Tracking and darting rhinos with Thanda Safaris.
Photo: Christian Sperka
Arctic TreeHouse Hotel, Rovaniemi, Finland
Finland was recently named the world’s happiest country according to the 2019 World Happiness Report, an accolade it has won for two years running. A connection with nature is claimed to be the reason behind this high-level cheer, a statement the Arctic TreeHouse Hotel embodies daily.
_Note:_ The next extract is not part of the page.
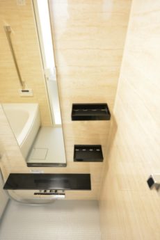 モノトーンでまとめられたスタイリッシュなユニットバス。追い焚き機能や浴室換気乾燥機など便利機能も充実しています。近頃はゲリラ豪雨など天気の急変が多いので、浴室乾燥機能は嬉しいですよね。

The Northern Lights are a frequent visitor aglow eerily above the streamlined, geometric glass-and-wood houses, all constructed of sustainable Finnish wood that the property contributes to maintaining by planting 5000 to 10,000 new seedlings per year in the surrounding forest.
Arctic TreeHouse
Photo: Courtesy of Arctic TreeHouse
Six Senses Uluwatu, Bali, Indonesia
Opened in fall 2018, the goal of the new Six Senses Uluwatu is to blend entirely within the natural surroundings of Bali’s southwest coast. This paragon of sustainable architecture was built on land carved from a sea-hugging limestone cliff, and then entirely reconstructed in a futuristic design using the same limestone. All resort furniture was sourced from sustainable wood found within local regions of Bali. Water also plays a leading role in the hotel’s ambience, and the water features that permeate the resort grounds are fed by a mix of rainwater catchment and resort wastewater treated at the on-site water treatment plant.
Six Senses Uluwatu
Photo: Courtesy of Six Senses
andBeyond Sandibe Okavango Safari Lodge, Botswana
Resorts set in the most remote locations are often champions of sustainability, not only from a desire to do right by the planet but also out of sheer necessity. AndBeyond Sandibe Okavango Safari Lodge is no exception. Bordering the vast Moremi Game Reserve, the lodge uses 63 per cent renewable energy from an on-site solar plant. Perishable products that must be flown in from elsewhere are transported in specially designed, reusable cooling containers, eliminating the use of the single-use plastics and Styrofoam often used in food freight. Additionally, plans for 2020 include installing a bottling plant to eliminate 100 per cent of plastic water bottles.
A game drive at andBeyond Sandibe Okavango Safari Lodge.